Рахасен весело шел мимо страдающих муками совести, плачущих от ощущения вины за свои земные прегрешения, среди которых и я терзался и стонал, испытывая боль душевную, страшнее которой нет ничего, уж лучше вариться в котле или жариться на сковороде, чем корчиться от вечных укоров нечистой совести. Рахасен пробежал мимо - так я впервые увидел его - и ударил меня коленкой под зад, и я отлетел от этого удара в иные сферы, куда-то далеко-далеко, плюхнувшись в вязкую вонючую жижу, где тонули и никак не могли утонуть, захлебывались, изрыгая из себя эту жижу, глотая ее и снова выплевывая, какие-то грешные души. За ними следили усталые мытари, которые ударом палки возвращали в глубь лужи тех, кто умудрялся высунуться неположенно высоко, намереваясь выпрыгнуть из своего болота.
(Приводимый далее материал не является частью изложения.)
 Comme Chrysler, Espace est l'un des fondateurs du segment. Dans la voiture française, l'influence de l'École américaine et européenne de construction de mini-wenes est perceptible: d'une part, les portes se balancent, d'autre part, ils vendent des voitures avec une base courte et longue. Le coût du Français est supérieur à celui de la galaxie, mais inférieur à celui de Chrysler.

Я влетел туда, подняв волну, но, поскольку мне предназначено иное наказание и в этом болоте я был чужаком, бдительные стражи выволокли меня оттуда, дали нового пинка и вернули на место моих страданий, к тем, кого терзали муки совести.
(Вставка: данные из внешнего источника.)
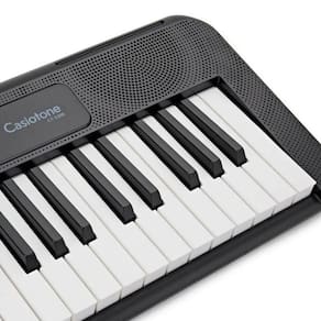 A conectividade de aplicativos torna a prática divertida aplicativo chordana play: visualize as 50 músicas de demonstração do aplicativo ou arquivos midi baixados no chordana play ou na tela de partitura para tocar suas músicas favoritas quando e onde desejar. Toque músicas sem precisar de partitura, pressionando as teclas no ritmo em que as barras são exibidas na tela. Monitore seus pontos no recurso de pontuação do app para tornar seu aprendizado divertido e observe suas habilidades evoluírem. Método de conexão o método de conexão pode ser alterado de acordo com o modelo do dispositivo inteligente. O cabo usb e o adaptador vendidos separadamente são necessários para conectar um dispositivo inteligente ao ct-s300. Estojo exclusivo com design rolltop cheio de estilo o estojo flexível exclusivo tem o tamanho ideal para a série ct-s e o lk-s250, e o design rolltop oferece mais praticidade e estilo. Coloque seu teclado nas costas como uma mochila e leve-o onde quiser. Também acomoda estandes de partituras e adaptadores ca. Teclado: 61 teclas com tamanho padrão resposta ao toque: 2 níveis de sensibilidade, desligado polifonia máxima: 48 timbres: tons integrados: 400 efeitos digitais: reverberação: 1 a 10, desativada metrônomo: batidas por medida: 0 a 16 / intervalo de tempo: 20 a 255 banco de músicas: músicas integradas: 60 / função de divisão: mão esquerda, mão direita ou ambas acompanhamento automático: ritmos integrados: 77 modo dance music: padrões integrados: 50 / voz de dance music: 12 outras funções: transposição: 1 oitava -12 a +12 semitons / afinação: a4 = 415,5 a 465,9 hz padrão inicial: 440 hz / toque predefinido: 77 / botão estabilizar tela lcd contraste ajustável / minha configuração: 1 função app: chordana play midi: 16 multitimbres recebidos, gm nível 1 padrão roda de altura de tons: 0 a 12 semitons terminais de entrada/saída: conector fone/saída: miniconectores estéreo 3,5 mm / conector para entrada de áudio: miniconectores estéreo 3,5 mm / porta usb: micro b / conectores do pedal: entrada padrão 6,3 mm estabilização de pedal, sostenuto, soft, início/parada tomada: 9,5v cc alimentação: alimentação de duas vias: 6 pilhas alcalinas aa ou pilhas de níquel-hidreto metálico recarregáveis aa, operação contínua: aproximadamente 19 horas pilhas alcalinas , aproximadamente 15 horas pilhas de níquel-hidreto metálico recarregáveis , a autonomia de bateria real pode ser menor dependendo do tipo da bateria, do estilo da execução ou do ambiente de operação; adaptador ca ad-e95100l padrão jeita, com plug de polaridade unificado , desligamento automático depois de 30 minutos pode ser desativado . Valores medidos usando pilhas eneloop. Eneloop é uma marca comercial da panasonic corporation. Alto-falantes: 2 x ovais 13cm x 6cm saída: 2,5w + 2,5w consumo de energia: 5,5 w dimensões: 93 l x 25,6 p x 7,3 a cm peso: cerca de 3,3 kg sem as pilhas acessórios incluídos: suporte para partitura acompanha a fonte de alimentação estante x bag

Конечно, Рахасен случайно дал мне пинка, ему мог подвернуться кто-то другой, но подвернулся именно я, видимо, потому что и в этом потустороннем мире все случайности закономерны.
Впрочем, кто был я? Если не было моего земного тела, а была некая оболочка, подобие тела, то был ли я - я или нечто иное? Нет тела, нет и личности. Вечный вопрос о бессмертии и здесь не стал мне ясен. В чем бессмертие? Если я не я, если нет моей личности, то разве это бессмертие? Кто ж страдает тут, кого наказывают служители Трижды Величайшего? Нас, какими мы были на земле, или пустоту, именуемую душой? Впрочем, не все ли равно, в этом мире уже нет места сомнению, которое ведь и движет истинную жизнь.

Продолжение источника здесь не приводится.